Now I'm not particularly a 'rock the rust' kind of guy so I gave em' a soak in Evaporust. Here's an example of a before and after -




Pedal problem #2 arose when I broke these 8's down to service the bearings after the Evaporust treatment I discovered one of them (the left one) had a non Torrington replacement shaft and the bearings needed to be replaced on both of them. To solve this problem I ordered new bearings and decided to seek a NOS R-side Torrington I could switch out with the extra L-side on the NOS pedals I already had, capische ?

Well the ebay gods were smiling and I was able to snag an orphaned NOS Torrington R-side to cannibalize and switch out with the extra L-side to complete a perfect pair of two pedal sets.
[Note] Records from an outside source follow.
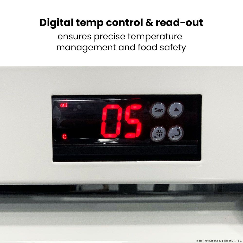 The stylish drink fridge is one of our premier single upright fridge units that cools and freezes your stock and ingredients. It can maintain the perfect temperature for your frozen food or ice-cold drinks. This slim fridge is a special fit for any restaurant, café, supermarket, takeaway store, or bar needing a visually striking unit with easy, quick access.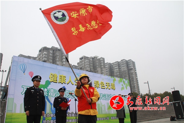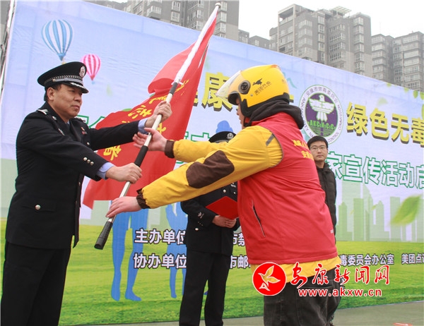 汉滨区禁毒志愿者,邮政管理局快递骑手,美团点评公司送餐骑手共同组成宣传志愿者方队。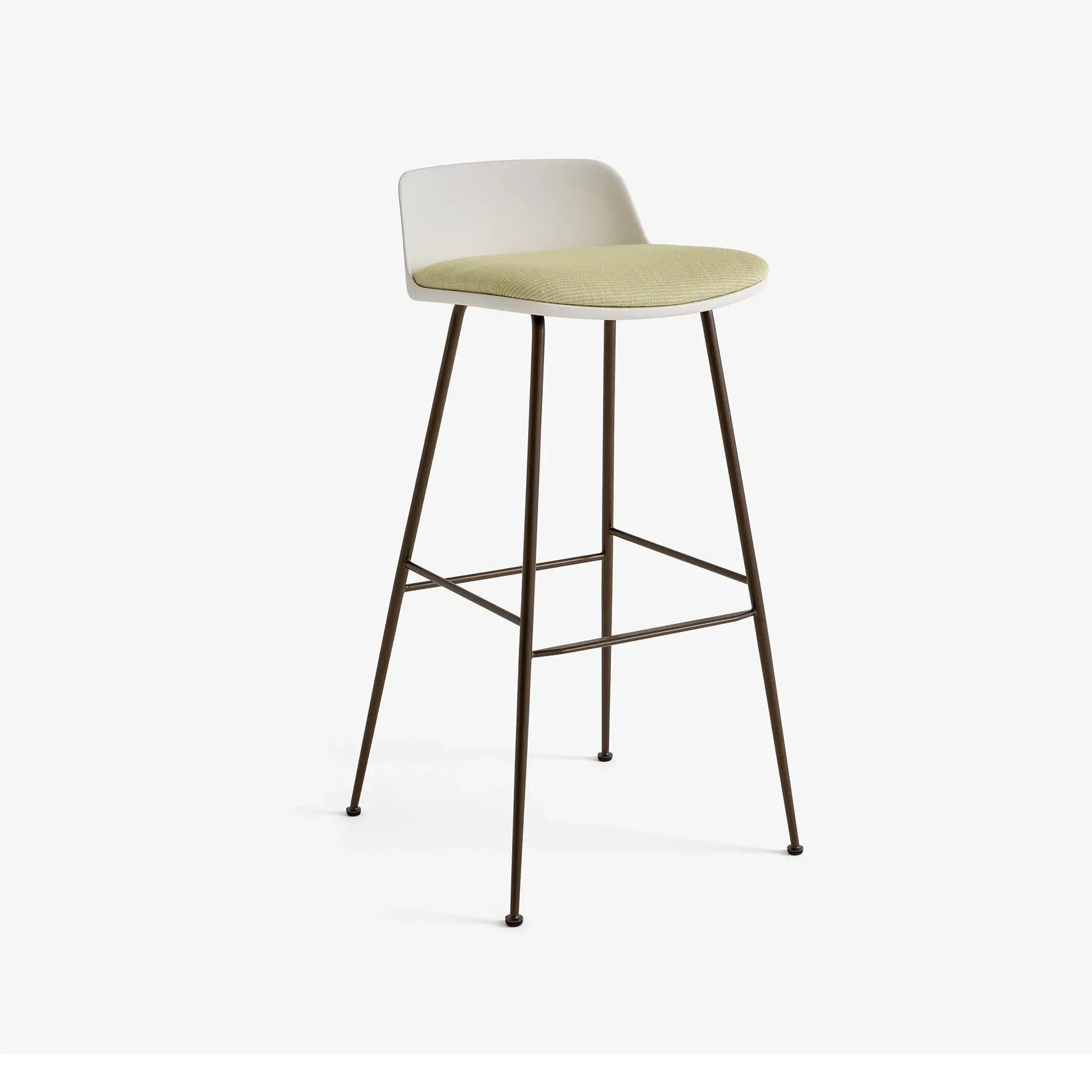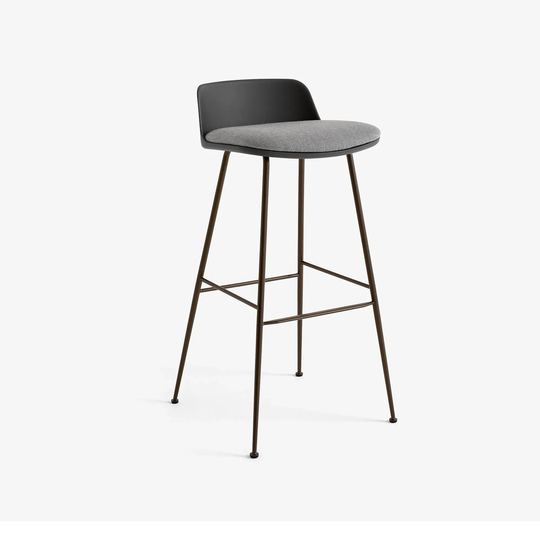 The Rely Bar Stool offers comfort with its upholstered cushion seat and recycled plastic shell construction. Its compact design provides versatile seating, while the bronzed legs add durability and support. The eco-conscious materials suit sustainable interiors, and the 66.5cm height ensures optimal bar counter compatibility.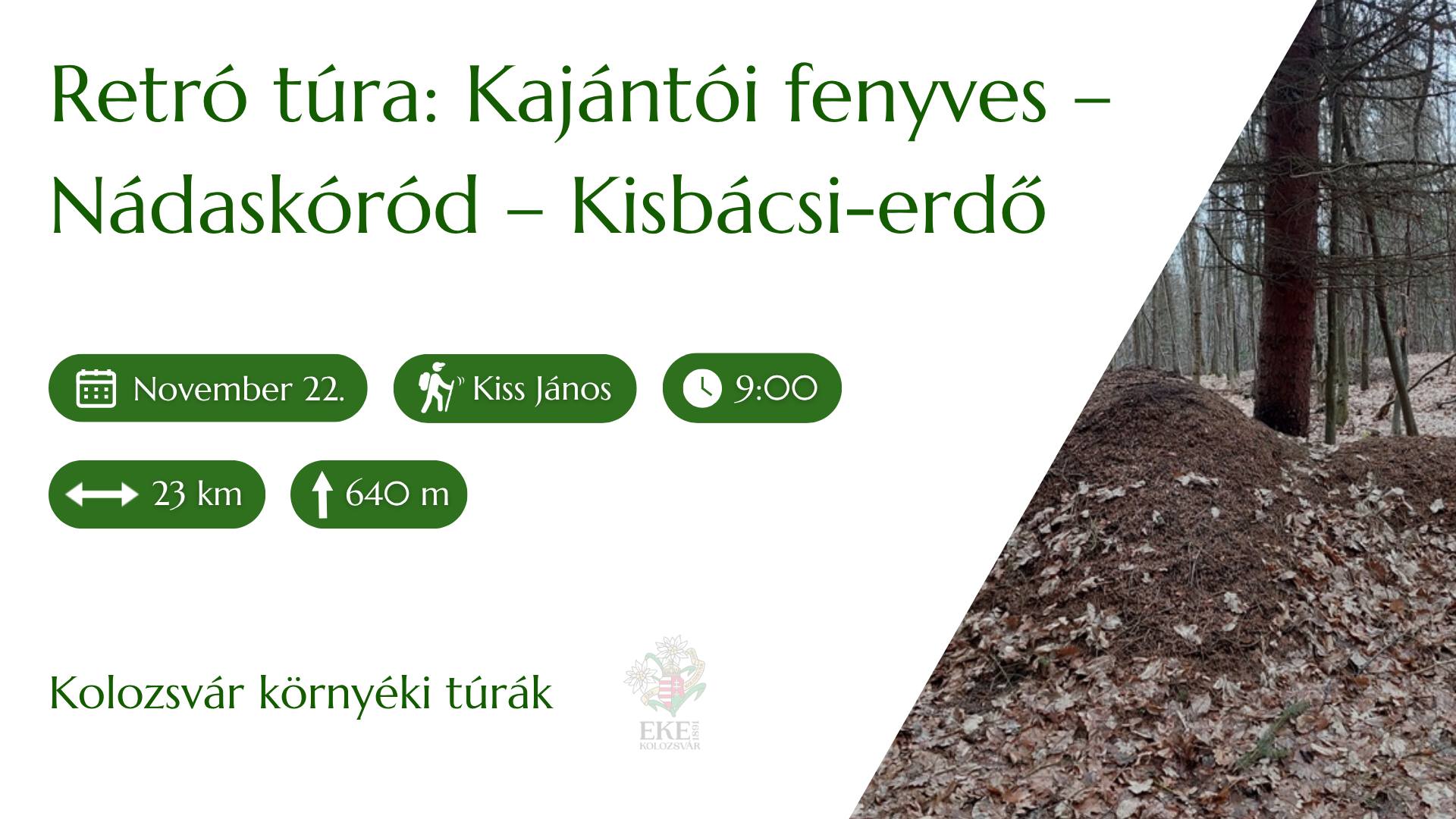 Ha szívesen kimozdulnátok a természetbe szombaton, szeretettel várunk gyalogtúránkra az alábbi útvonalon: Kajántói fenyves – Nádaskóród – Kisbácsi-erdő. Az útvonal hossza 23 km, szintkülönbség 640 m. Találkozás 9 órakor a vasútállomás előtt. Amennyiben szeretnétek részt venni, kérünk, jelentkezzetek be telefonon november 20-ig a szervezőnél. Szervező: Kiss János (0364-807639).

Later I bought a third discounted set just to cannibalize these red diamond pattern pedal blocks off of and I settled on this configuration  -




The interesting: Found some interesting stampings along the way...




Stamp on the original cross brace handle bars that came with the bike.




Can't tell if this is stamped '00' or 'CC'. Never seen this before so I don't know if it's unusual.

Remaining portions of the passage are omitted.